When he was about nine years old, Jomeo began his attempts to intimidate community females with the bristling, swaggering displays that are the hallmark of adolescence in the male chimpanzee. Initially, these performances were vigorous, impressive and audacious. Once he even dared to compete with Passion for a pile of bananas. As this most high-ranking and aggressive female began, with absolute confidence, to gather up the fruits, Jomeo stood upright and, with every hair on end, so that he looked twice his already large size, he swaggered in front of her, arms waving, with tight-lipped and furious mien. Passion, probably startled by his temerity (for to her he was still a child) gave back as good as she got and, as he displayed away, seemingly defeated, she began to gather up the scattered bananas. But Jomeo had merely gone to better equip himself for battle. Seizing a large dead branch that was lying nearby he charged back and began to swagger even more impressively, brandishing his weapon. And Passion, while she hung on to the bananas she had already picked up, did not dispute Jomeo's right to the rest.

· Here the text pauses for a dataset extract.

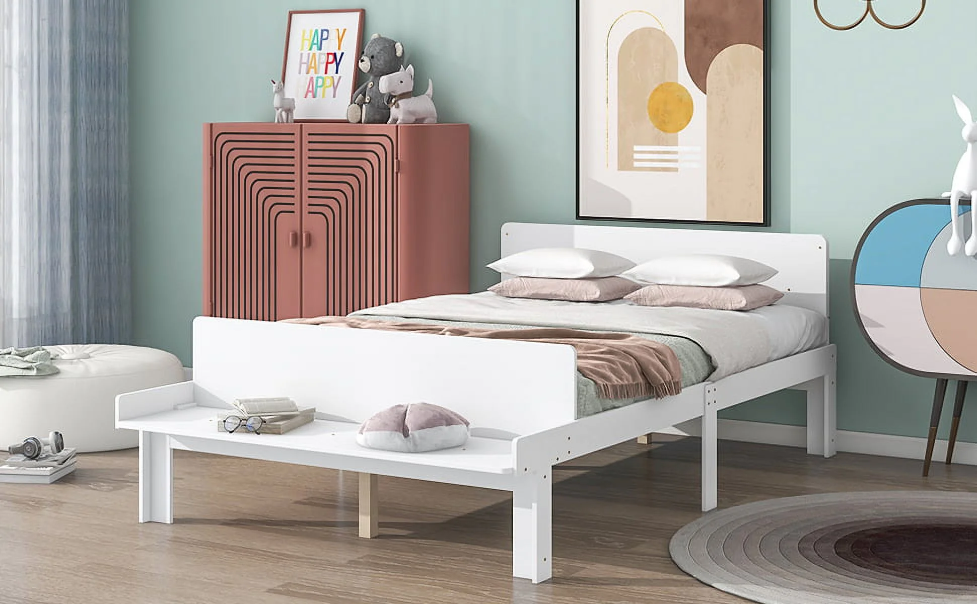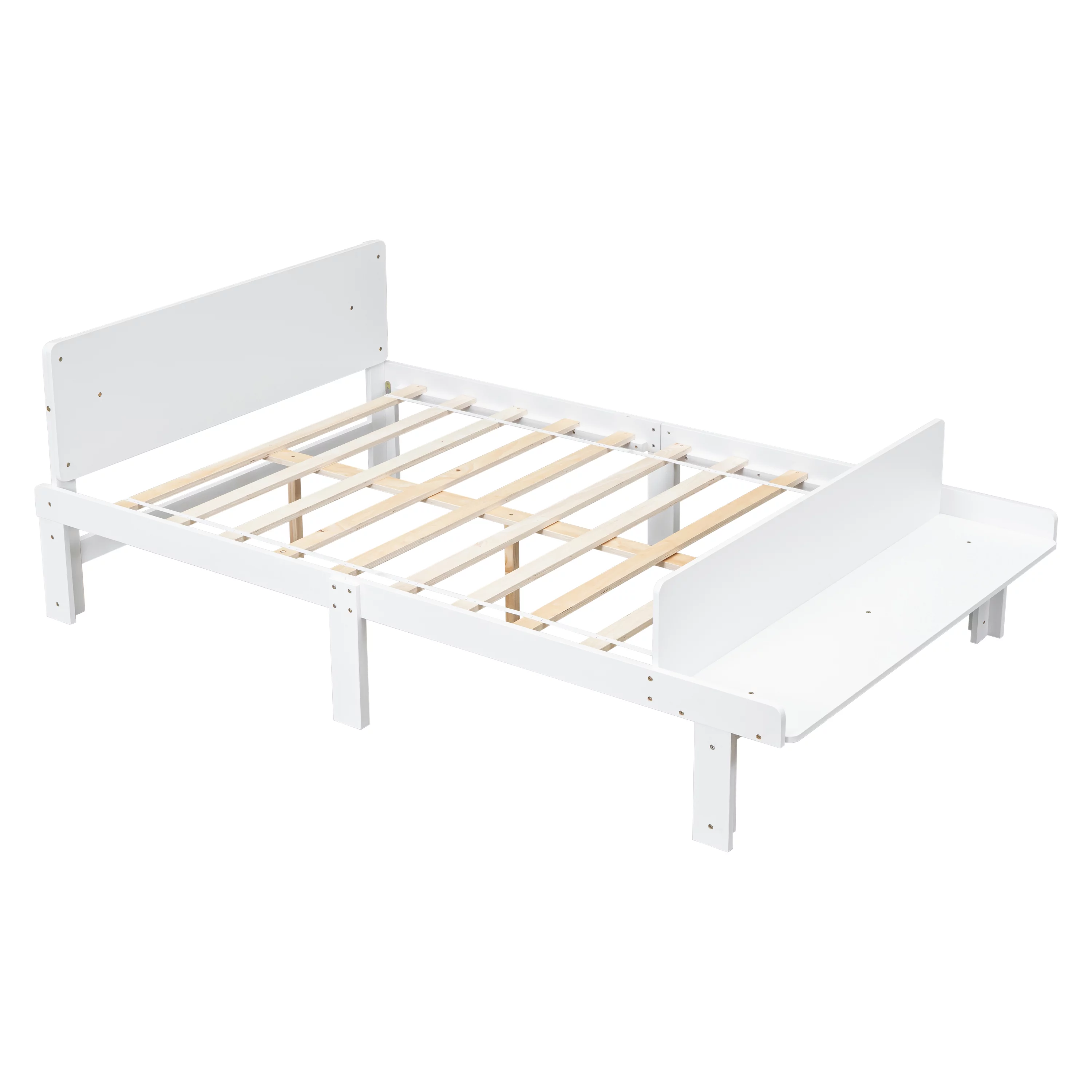 Full Size Bed Frame with Footboard Bench - Stylish Bed Frame with Headboard, Functional Bedroom Furniture-White

It seemed then that Jomeo was firmly established on the ladder that would lead, ultimately, to a high position in the dominance hierarchy. But then something happened. One day in 1966, just a few months after his successful confrontation with Passion, Jomeo limped into camp covered with deep wounds. The worst was a great gash across the sole of his right foot which took weeks to heal and which left the toes permanently curled under. We shall never know who or what attacked Jomeo, but whatever it was that happened, it seemed to affect his whole
subsequent career. His blustering displays towards the community females, even the lower-ranking ones, abruptly ended. A year later I observed an incident that typified Jomeo's position in his society. It began when Passion's infant Pom moved too close to Jomeo during feeding. When he hit out at her, warning her to keep her distance, she did not move but, looking towards her mother, then back at the big male, gave a small but defiant-sounding bark. Instantly Passion charged towards Jomeo—and this time, in marked contrast to his performance the year before, he fled before her and, screaming in fright, took refuge up a palm tree. When she began to climb after him, Jomeo, screaming even louder, leapt to another tree, tumbled to the ground, and raced, helter-skelter, away.

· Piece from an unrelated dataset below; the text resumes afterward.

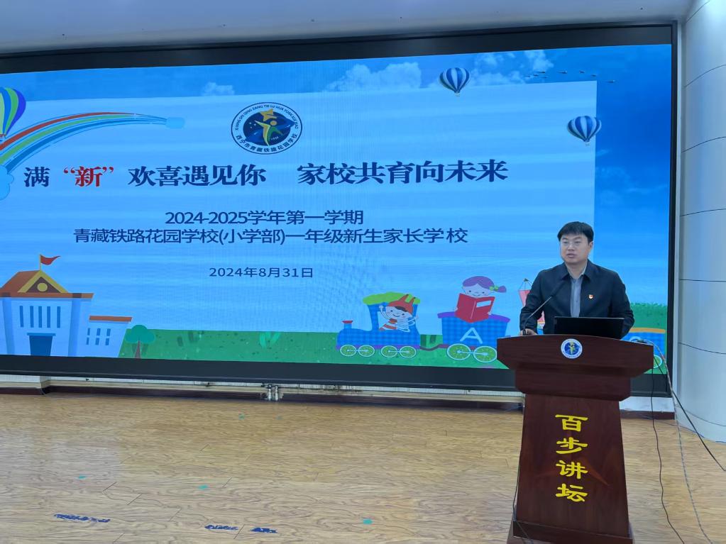 江蘇援青干部、青藏鐵路花園學(xué)校副校長許健在學(xué)校召開家長會(huì)。(受訪者供圖)

By that time, Jomeo had become the heaviest male at Gombe, and his chicken-hearted behaviour made him the laughing stock of his human observers. Even when he was fifteen years old and weighed nearly one hundred pounds, Passion could sometimes put him to screaming flight. And so it might have gone on, perhaps for the remainder of his life, had it not been for his brother, Sherry. The two of them had begun to spend more and more time together after the disappearance of their mother in 1967. Whether she had died, or perhaps decided to remain in some peripheral haunt, we do not know: she and her infant daughter simply stopped appearing in camp and were never seen again. But Sherry and Jomeo became all but inseparable, and in many ways the elder brother acted in loco parentis. When Sherry, during his early attempts to intimidate the females, was threatened—and like all young adolescent males he often was—then Jomeo ran to his defence just as Vodka would have done had she been there. As time went on and Sherry tackled higher- and higher-ranking females, so Jomeo's help was needed more and more often. And on those occasions when he did fight, Jomeo was a chimpanzee to be reckoned with. What matter if his technique was not always the best—he was still at least twenty pounds heavier than
the largest of Sherry's female adversaries, and he inflicted hurt no matter
where
he hit or kicked. When he bodily lifted his victim in the air, then slammed her down, as he so often did, the punishment was horrible to watch. And so, at last, the females began to respect and even fear Jomeo and the days of Passion's supremacy over the huge male were gone for ever.